In October 2005, Jaxon-Bear admitted to his wife Gangaji that he had recently ended a three-year affair with an adult female student who was at the time employed as the executive director of his organization, the Leela Foundation. After a brief separation, Jaxon-Bear and Gangaji reconciled in December 2005. In October 2006, he disclosed the extramarital relationship to the Gangaji Foundation board of directors and staff. Following the disclosure, Jaxon-Bear publicly apologized for the pain he had caused his wife, the woman he became involved with, and his community. At that time, Jaxon-Bear resigned from teaching. He and Gangaji held open meetings to heal the wounds experienced in their spiritual community, as well as holding retreats on the subjects of disillusionment, betrayal and relationship.

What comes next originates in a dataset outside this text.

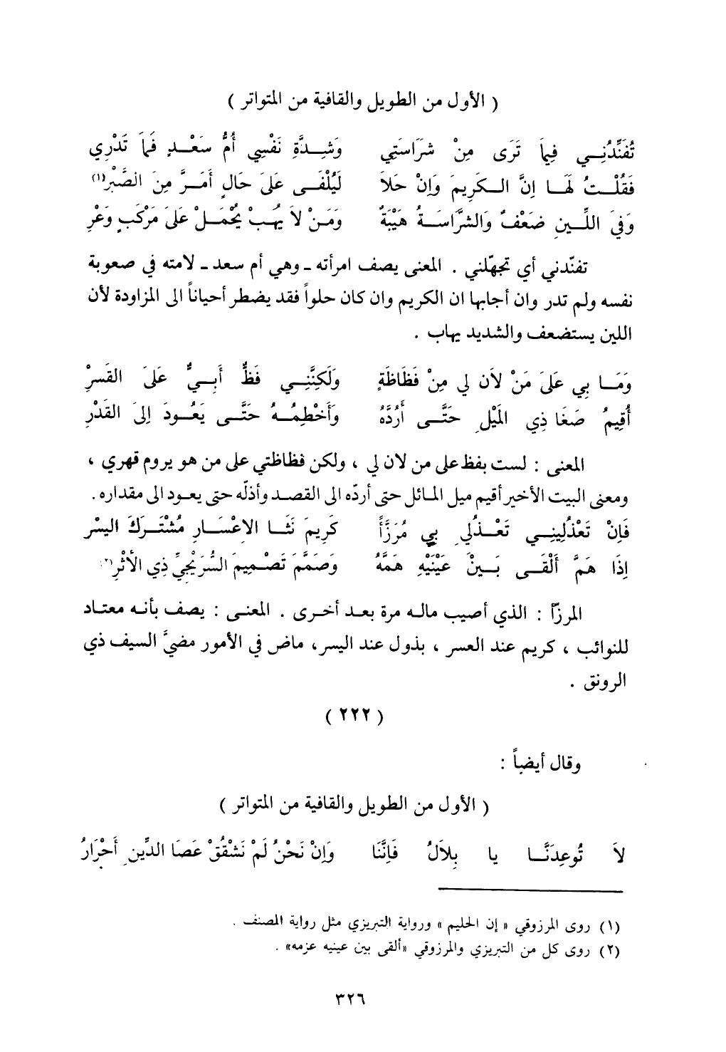تفندني أي تجهلني. المعنى يصف امرأته - وهي أم سعد - لامته في صعوبة نفسه ولم تدر وإن أجابها إن الكريم وإن كان حلوًا فقد يضطر أحيانًا إلى المزاودة لأنه اللين يستضعف والشديد يهاب.

Subsequently, in an interview with Bertrand Coquoz of Wegweiser Magazin in Germany, Jaxon-Bear said of his affair, "My worst mistake thus far in this flawed life was allowing myself to be in an intimate relationship with two women at the same time. They were the two loves of my life and they both loved me deeply and truly. But it was an impossible situation for all three of us. I caused suffering to the two people that I loved most deeply. That first mistake led to my lying about my affair. This was a great mistake. I had never lied to my partner over our thirty years together and it was a terrible mistake. It was shocking to see that I was capable of this. Bearing having caused suffering and falling into the trap of lying was the greatest pain that I have ever experienced in my life. It burned a holy fire in a place that had not yet burned. As I tried to satisfy my obligations to both my partner and my lover I continued to make many mistakes."